The Russian Front is the center of attention in the latest World War II real-time strategy game from Monte Cristo.

The Russian Front of World War II gets little attention in World War II real-time strategy games, even though it featured the largest armies, as well as the largest battles. That's slowly changing, as developers continue to mine World War II for games and realize that there are only so many times that you can re-create D-Day. Moscow to Berlin: Red Siege is the latest World War II strategy game from Monte Cristo Games, following Desert Rats vs.
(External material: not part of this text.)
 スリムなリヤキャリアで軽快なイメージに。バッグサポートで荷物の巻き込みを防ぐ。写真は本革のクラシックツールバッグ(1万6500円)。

Afrika Korps and (of course) D-Day, and as its name suggests, this is a real-time strategy game that's all about the Russian Front.

Moscow to Berlin covers the scope of the Russian Front, from the German invasion of the Soviet Union in 1941 (Operation Barbarossa), to the titanic land battles in the heart of Russia in 1942 and 1943, to the Red Army's triumphant march on Berlin in 1945. Like its predecessors, Moscow to Berlin isn't a traditional real-time strategy game, because you do not gather resources, build an economy, and construct units on the battlefield. Instead, it's more of a real-time tactical game, where you're given a set of units ranging from infantry squads to tanks, and you have to command them to victory, mainly by seizing objectives and eliminating the enemy.
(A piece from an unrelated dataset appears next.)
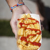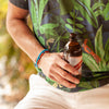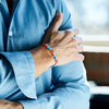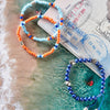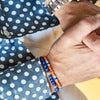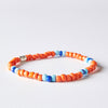 This is Truth, named after the New Mexico town Truth and Consequences. It is hand-beaded from small orange, turquoise and cobalt blue glass beads from Africa in a color-block pattern and a 100% sterling silver Billy Baker Co. logo piece. Pair with Consequences for a great stack look.

The gameplay in Moscow to Berlin adheres to its predecessors pretty closely in that this isn't an ultra-realistic wargame where one shot can kill a tank; units do have health bars that slowly whittle down as they take damage. Pull a badly damaged unit back and you can repair it, so long as you have the appropriate vehicle or unit. Like the earlier Monte Cristo World War II games, armor plays a very big role in Moscow to Berlin, and there's nothing quite like rolling up with a half-dozen tanks and blasting everything away. With that said, it's up to you to use your units wisely, particularly at harder difficulty levels where you can die a lot more easily.

To capture the huge variety of equipment that was employed on the Eastern Front during four years of warfare, the game introduces a slew of new vehicles, such as the German Jagdpanther assault gun/tank destroyer and the famed Soviet T-34 tank. You also have "off-board" elements at your disposal, in the form of artillery and air strikes that you can call in. Infantry come in different varieties, from sappers to regular infantry, and you can load them onto transports or barricade them into buildings and bunkers. It's all pretty standard for the series and for World War II real-time strategy game in general.
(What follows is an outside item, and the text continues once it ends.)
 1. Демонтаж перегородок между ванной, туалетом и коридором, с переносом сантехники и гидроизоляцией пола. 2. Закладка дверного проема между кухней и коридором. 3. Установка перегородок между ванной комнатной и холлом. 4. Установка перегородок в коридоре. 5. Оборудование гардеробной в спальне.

Moscow to Berlin will ship with three multiplayer modes, including the traditional deathmatch and capture the flag modes, along with a new mode called conquest. The graphics engine seems relatively unchanged since 2004's Desert Rats, though the flip side of this means that the game shouldn't have any issues running on older systems. With that said, it may look a bit dated compared to other World War II real-time strategy games. This is a crowded genre, after all, so we'll see how Moscow to Berlin does when it ships this summer.